Il y a quelques jours était diffusé Home. Le buzz retombé, il n’est peut-être pas inutile de se pencher, même brièvement, sur quelques unes des conditions de la communication qui ont accompagné la réalisation de ce film et sa diffusion à la fois en public, à la télévision , sur le net et dans le réseau commercial.
Ceux qui l’ont vu ont certainement été sensibles à la beauté désormais bien connue des images de la planète d’Arthus Bertrand.
Mais quel rapport ces images entretiennent-elles avec la réalité ? Sont-elles moyen d’accès au réel ou meurtrières du réel comme le pensait Baudrillard ?
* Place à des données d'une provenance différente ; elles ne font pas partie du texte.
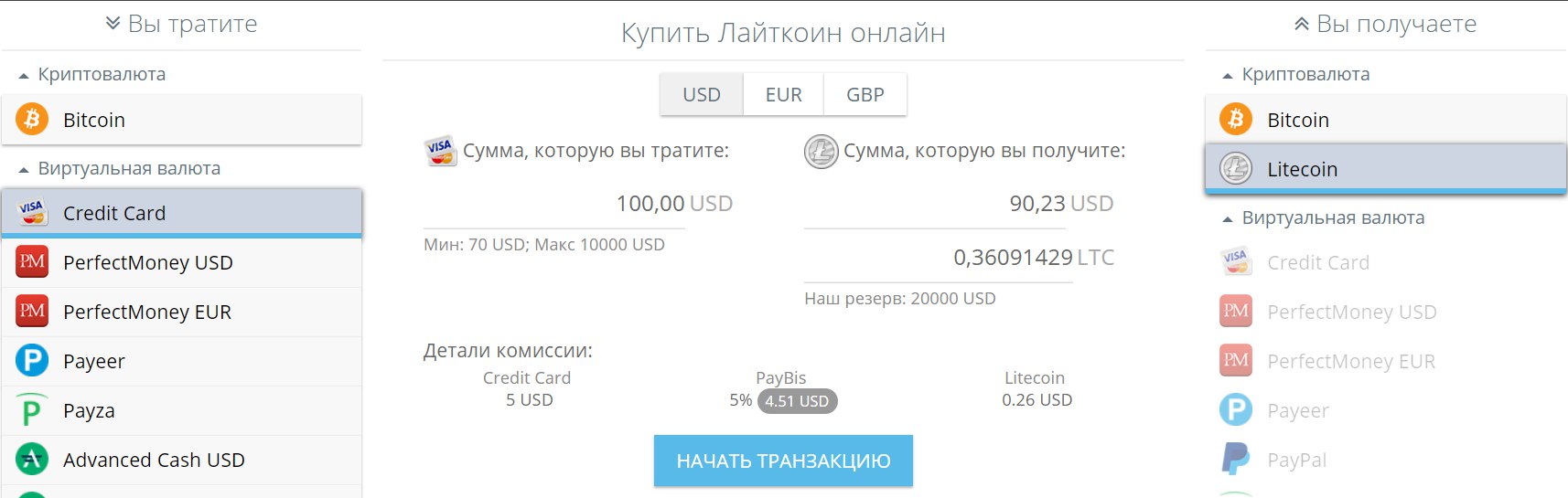 3) Выбираем Credit Card и Litecoin(потому что выгоднее)
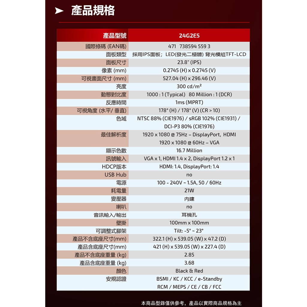AOC 24G2E5 24型 IPS HDR 電競螢幕| 現貨 廠商直送

Forêts, réserves naturelles, nœuds autoroutiers, alignements de containers, décharges d’ordures, tout est « beau » et magnifié par le cadrage et le traitement des couleurs. Il y a équivalence dans le traitement esthétique de ce qu’il s’agit de protéger et de ce qui le menace. Les images ne sont pas toujours montrées et regardées pour ce qu’elles disent réellement mais parce qu’elles sont à même de susciter l’émotion. Ainsi ces images de la planète, qui prennent parfois une valeur archéologique, nous placent-elles en apesanteur de l’espace et du temps, en apesanteur du réel. D’images du monde à un monde d’images, Home nourrit voire construit un imaginaire et a pour fonction de susciter l’émotion, une émotion esthétique devant une représentation du monde qui consacre la puissance de l’écran.
Quant aux conditions de la diffusion, il y a lieu là aussi de se questionner sur leurs effets. On y applique les recettes d’une bonne campagne de pub. Le net joue le rôle que l’on connaît bien. Le film diffusé sur youtube est instantanément accessible depuis quasiment n’importe quel endroit équipé et non censuré du globe et offre un temps personnel d’accès. Pour que les conditions de déclenchement d’une émotion universelle soient réunies, il s’agit ensuite de la synchroniser afin de maximiser ses effets. Et c’est là que le vieux mais efficace outil qu’est la télévision intervient. Diffuser Home quasi-simultanément dans plus de quarante pays sollicite le grand œil collectif. A ceux qui le pourraient, on propose de ressentir cette émotion au même moment dans la proximité des corps devant une projection publique sur le Champ de Mars. A ceux qui souhaiteraient partager et prolonger l’émotion, on propose au même moment encore d’acquérir à bas prix le DVD chez un leader du commerce de produits culturels. Il y a là une véritable tentative de constituer un grand cerveau collectif à même de recevoir le même message et de ressentir la même émotion simultanément.
Cette synchronisation des émotions s’inscrit dans les progrès des moyens de communication sous tous leurs aspects, les TIC en particulier. A ce sujet, paul Virilio rappelait récemment ses thèses sur la vitesse et l’image (ici sur FR3 ou là sur Arte) : Concernant la synchronisation des émotions, Paul Virilio parle de communisme des affects. On pourrait plutôt sans doute parler de communion des affects, et on voit là des connotations qui ne sont pas sans références historiques avec toutes les dérives que l’on pourrait imaginer. Concernant la vitesse, celle des déplacements, mais plus encore celle des ondes électromagnétiques, celles des flux d’information, ce qu’il est convenu de nommer le temps réel transfère la réalité de l’espace et du temps vers l’instant. Or, si l’émotion est liée à l’instant, la réflexion a besoin de temps. Se plonger dans l’instant n’est pas se plonger dans le présent qui, lui, nécessite un temps et un espace. Il ne s’agit pas ici de contester le bien fondé des thèses défendues par le film d’Arthus Bertrand, mais de se demander si l’émotion de l’instant peut élever à la conscience puis à la réflexion ou si la vitesse ne nous conduit que vers l’émotion suivante.
Et Virilio de rappeler la phrase d’Octavio Paz : « L’instant, comme le futur, est inhabitable ».